Many travelers return with an unwanted memento of their trip. “There’s a number of people who travel internationally and travel for the purposes of obtaining sex, or they travel and end up having sex” that leads to a sexually transmitted disease, he said.

Colleges and universities are increasingly becoming involved in providing travel medicine to their students, he said. “Almost every university and college has recognized that so many of their students travel, especially during spring break, so universities have identified travel medicine as high priorities within their university system.”

Kluge-Ramirez said expatriates planning a trip back to their homeland also need to seek the advice of a travel medicine practitioner.

“A lot of people think they can go back to their home country and they’ll be fine, and that’s not true,” she said. “When someone leaves their home country, they leave their antibody protection.”

Rebecca Acosta, RN, MHP, is cofounder of Travelers Medical Service in New York. She’s also committee chair for practice and nursing issues for the International Society of Travel Medicine and serves as executive director of her Manhattan-based company. She said nurses, who are referred to in the profession as travel health nurses, have several opportunities to work in travel medicine, including as occupational health nurses, at student health clinics, private clinics, large multiple specialty groups, and airport clinics.

Acosta, who has been a nurse since 1987, began working in travel medicine in 1986 and continued in the profession — with the exception of a three-year period caring for HIV/AIDS patients — until starting her own company in 1996.

“Travelers Medical Service provides pre- and post-travel services,” she said, “and most of the pre-travel services are run by nurses. Physicians become involved in the diagnosis and treatment of illnesses after patients return from their trip, although some may be referred to a specialist.”

Acosta said the International Society of Travel Medicine recently has begun offering an examination in travel health care. Those who pass receive a certificate of knowledge, although they do not receive certification or travel health credentials.

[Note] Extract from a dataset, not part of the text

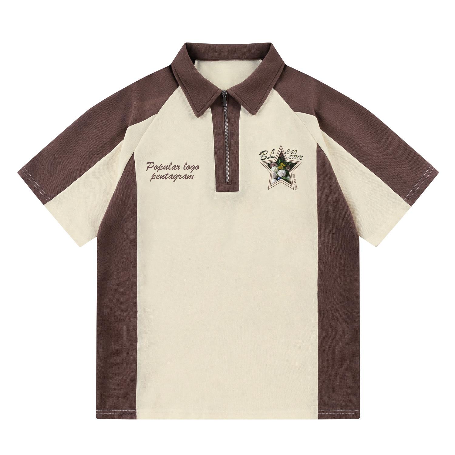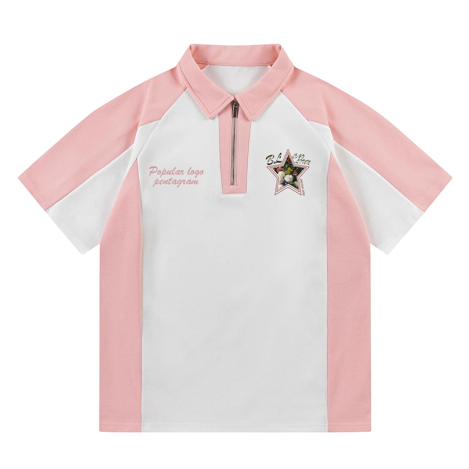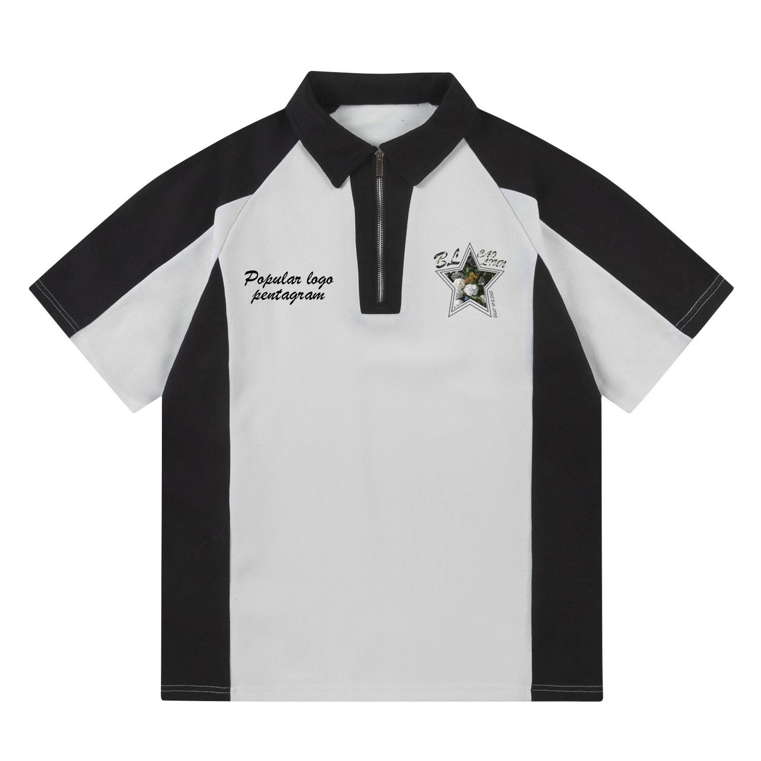 Camiseta de manga corta con cuello polo, nueva camiseta de verano 2024 con costuras en contraste de colores, polo de solapa holgado para hombre y mujer

Kluge-Ramirez, 48, who has owned her franchise for five years, said owners have to go through an extensive course on travel medicine before they can purchase a franchise.

Lessans said a franchise costs $25,000 and can be set up in a physician’s office or hospital. Opening in a stand-alone location requires an office of about 500 square feet, she said, along with a desk, chair, computer, syringes, sharps container, vaccines, and a refrigerator.

It’s a great opportunity for a nurse entrepreneur, she said.

Kluge-Ramirez agrees. She describes her job as fulfilling and says she enjoys the autonomy that comes with being an owner. She said it’s a great opportunity but not one that most physicians are interested in. “It’s not one of these operations you’re going to walk in and tomorrow you’re going to be making $100,000,” she said.

Lessans said she originally envisioned nurses owning most of her franchises. “I thought to myself, ‘Nurses really are doing all the work, they ought to be the ones owning the businesses,’ ” she said.

Unfortunately, Lessans said, nurses generally don’t have much money to invest, tend not to be entrepreneurial, and their education doesn’t prepare them to become entrepreneurs.

“It’s a darn shame because I want them to be owners. They do the work.”